**Exercise**.
Exact copy, pictures excluded: print the lines from the one with "This is a preorder, please" through the final line of the records.

----- Data shown -----

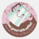 Cute vintage or retro pouring coffee pot or percolator with splatter background on this "from the kitchen of" or "from my kitchen" sticker for a variety of baked goods, personalized with your message and name.
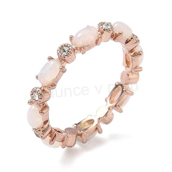 Prsten ozdobený kubickým zirkoniem a opálovým nálezem oválky velikost 19,1 mm (BP553)
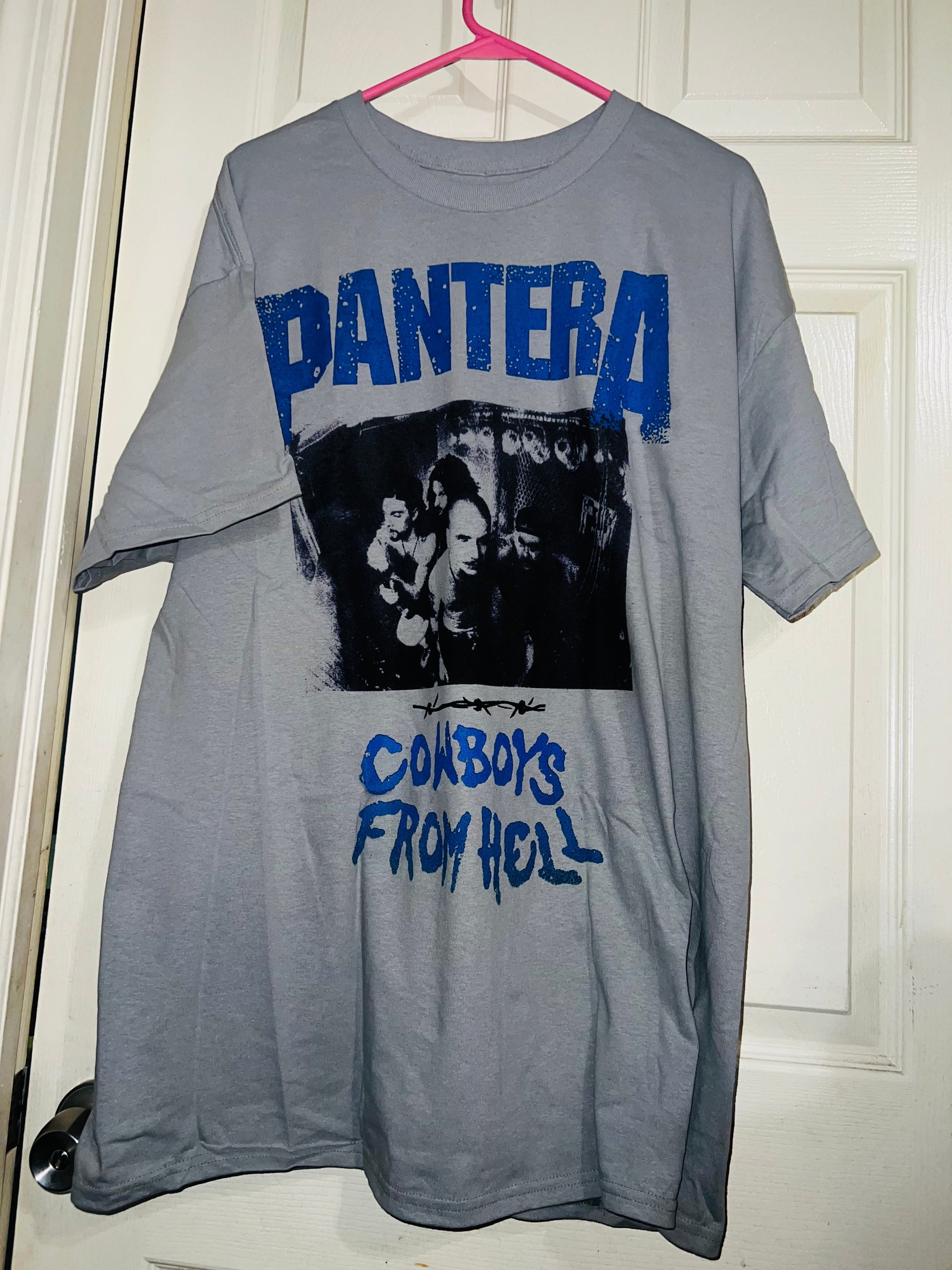 This is a preorder, please allow extra shipping and processing time if purchased. Pantera “Cowboys from Hell” oversized grey/blue t-shirt. Pantera always sells super fast, and I loved this design! Size L/XL.
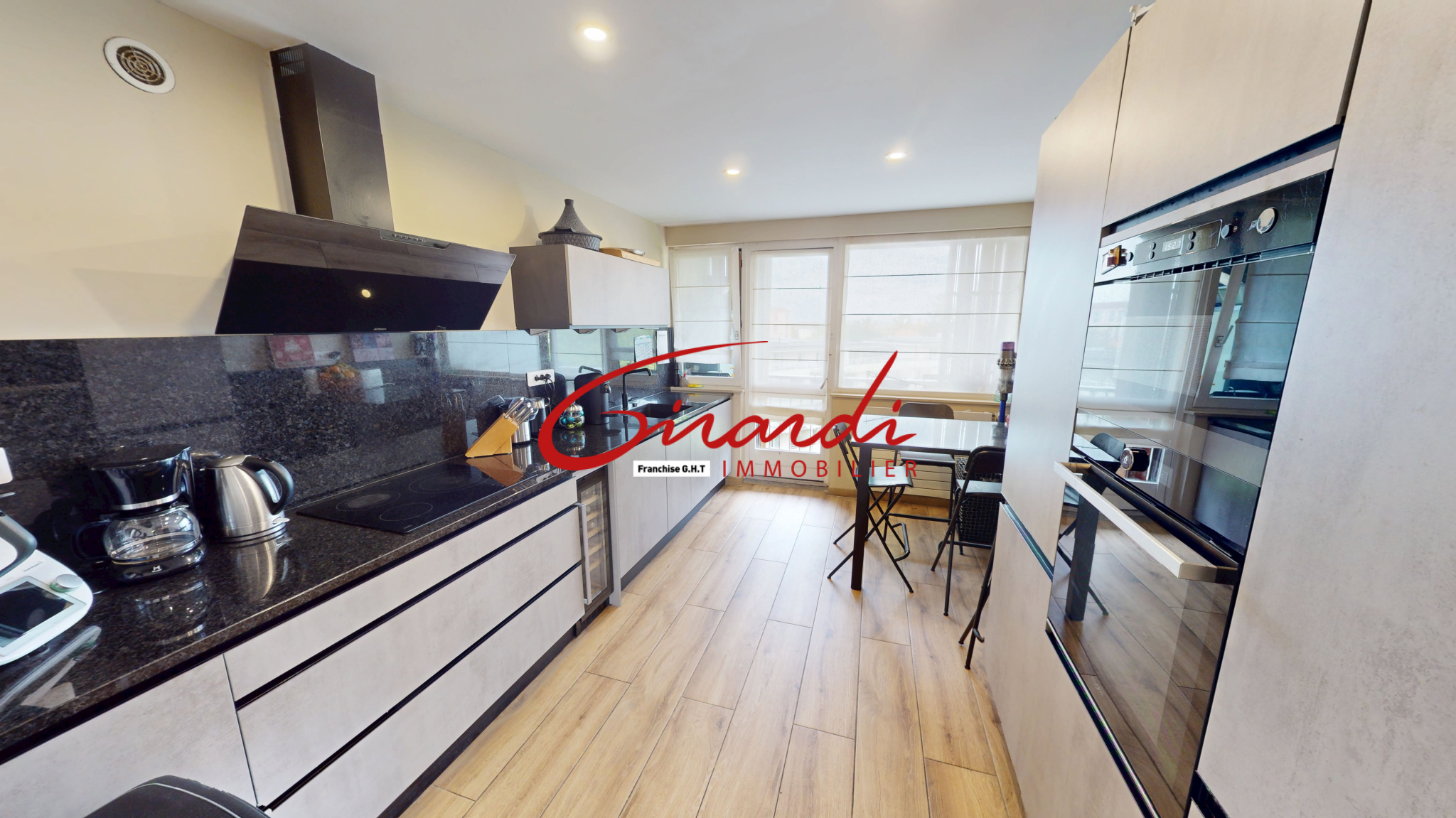 • Cuisine : Cuisine moderne entièrement équipée avec accès direct à un second balcon.
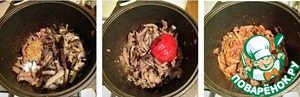 Затем добавить овощи, все приправы, томатную пасту, посолить и поперчить, хорошо перемешать и жарить 3-5мин.

-----

**Expected output**.
 This is a preorder, please allow extra shipping and processing time if purchased. Pantera “Cowboys from Hell” oversized grey/blue t-shirt. Pantera always sells super fast, and I loved this design! Size L/XL.
 • Cuisine : Cuisine moderne entièrement équipée avec accès direct à un second balcon.
 Затем добавить овощи, все приправы, томатную пасту, посолить и поперчить, хорошо перемешать и жарить 3-5мин.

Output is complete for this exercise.